Problem requirements: Only the lines below between the one holding "Cortona design in" and the one holding "Continuous tunnel kiln", inclusive, are to be reproduced word for word; the pictures are to be left out.

════════════════════

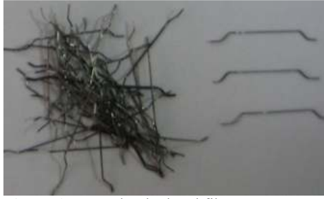
Figure 1: Long hooked and fibers
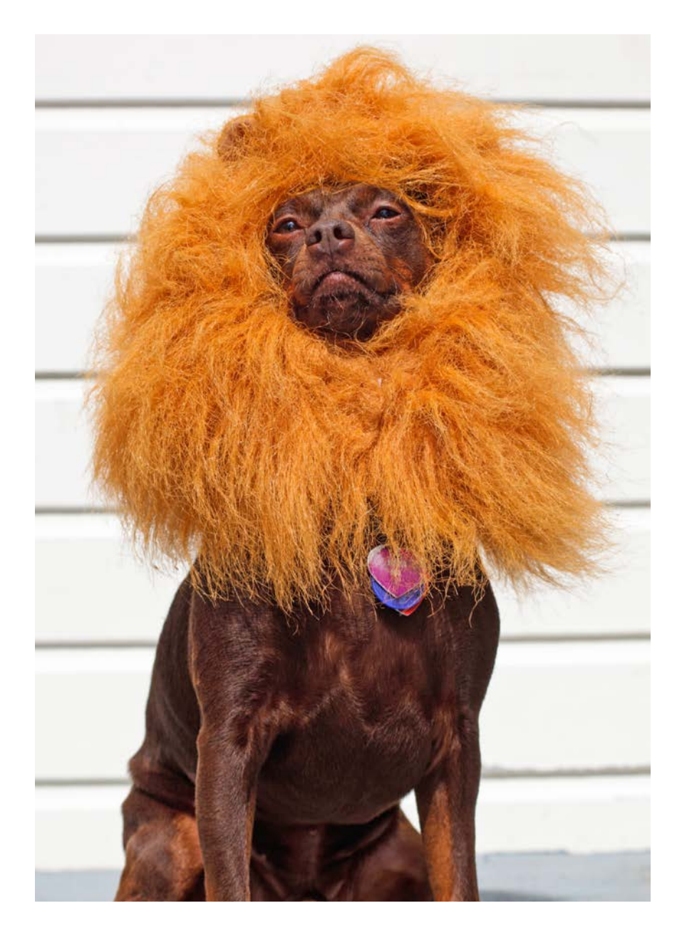
A dog can wear the mane of a lion.
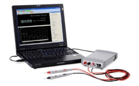
Figure 2. U2741A used as a standalone instrument

Keysight U2700A series USB Modular Instruments won Design News' Golden Mousetrap Award in the 2009 Best Products Category. Design News' Awards program highlights engineering innovation and product design creativity and honors the best designs of the past year.
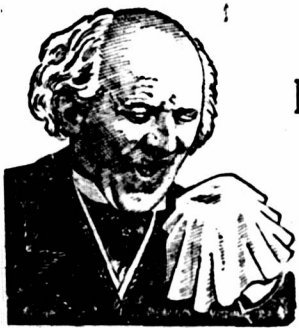
EXHIBIT P8 S. 1679/58 Date 30/5/60
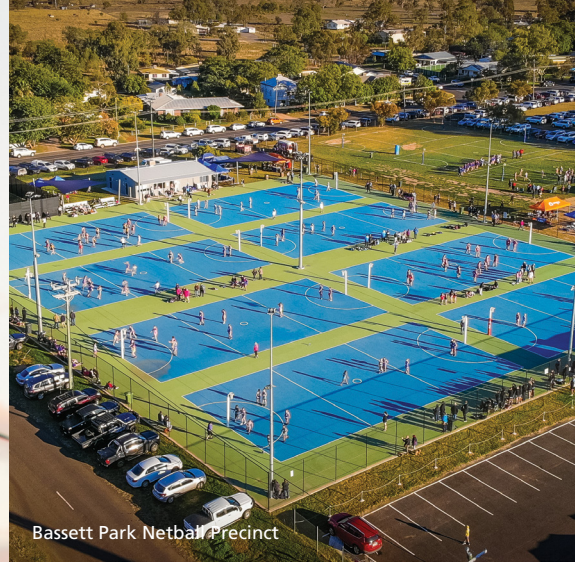
Bassett Park Netball Precinct
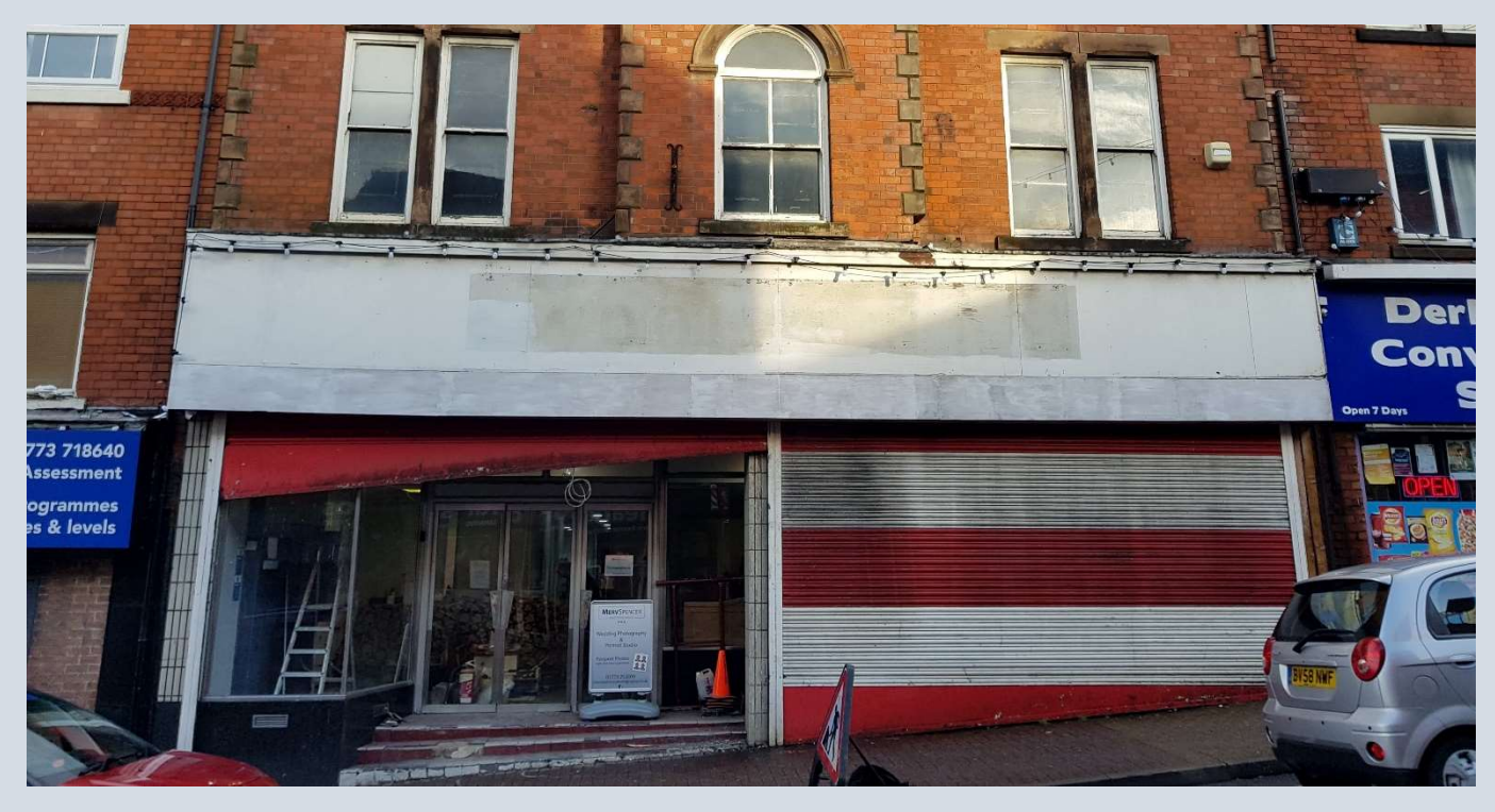
With few clues online to verify its current use, we visited the Heanor ex-Woolworths (store #549) in person in December 2018. This confirmed that, after spells housing a charity shop and a furniture shop, a photography studio is now trading from the upstairs, while the ground floor appears to be being converted into units for other small businesses

In a few instances, former Woolworths properties are currently vacant but have a confirmed occupant coming soon – such as Burnley, where Iceland is to move into the section of the ex-Woolworths site that was most recently occupied by Poundworld. In these cases, we have recorded the impending occupant, rather than counting the unit as vacant.
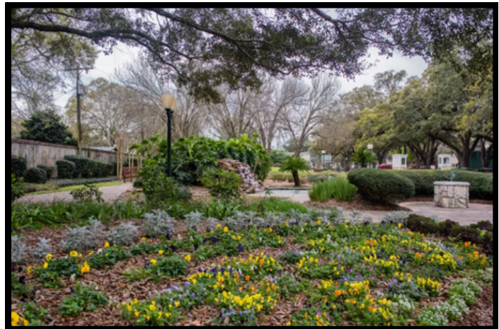
A small flower garden in League City, TX
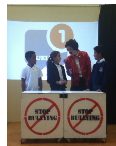
Anti-bullying Workshop 'Ugly'
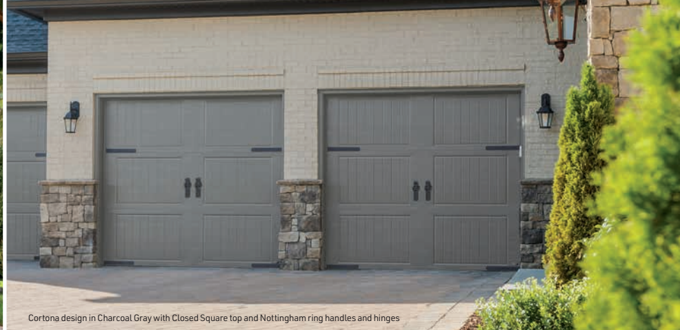
Cortona design in Charcoal Gray with Closed Square top and Nottingham ring handles and hinges
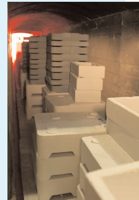
Continuous tunnel kiln used to fire ceramic insulators.

The firing or sintering process is the prolonged baking of the ceramic parts in a gas or electric kiln at temperatures between 1,300 – 1,800° C (based on the specific material being sintered). Through reactions that occur during sintering, a strengthening and densification of the ceramic takes place, resulting in a reduction in porosity. There is approximately 20% controlled shrinkage when firing ceramics. Typical firing cycles can range from 12 - 120 hours depending upon the kiln type and product.
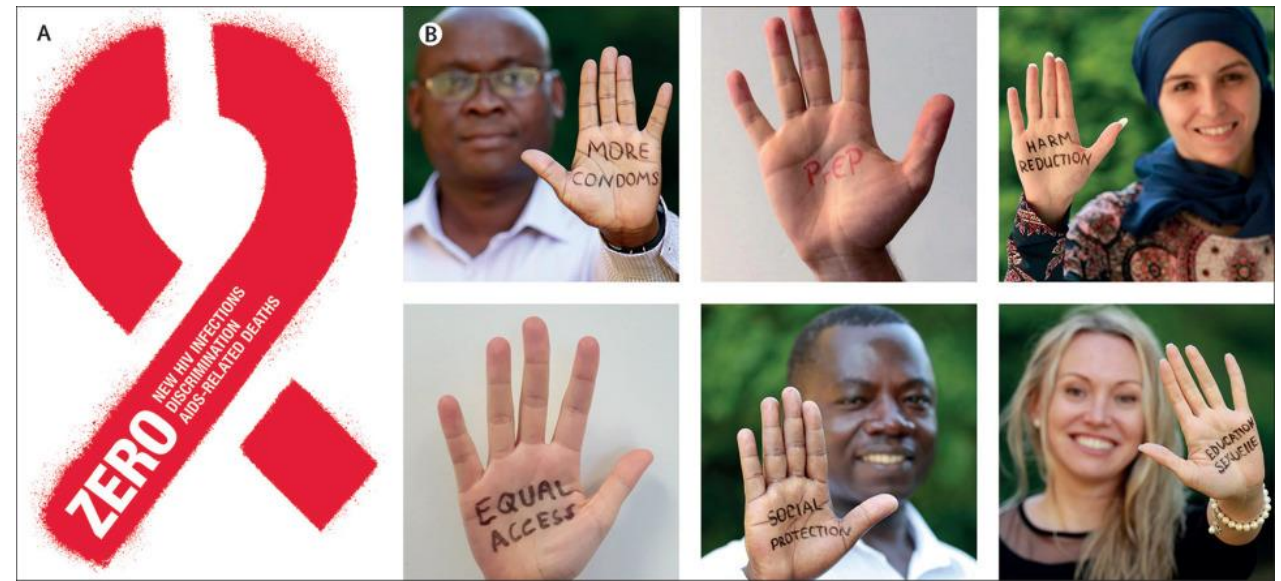
World Aids Day 2016 Hands up for HIV prevention (global messaging)

════════════════════

Answer box:
Cortona design in Charcoal Gray with Closed Square top and Nottingham ring handles and hinges
Continuous tunnel kiln used to fire ceramic insulators.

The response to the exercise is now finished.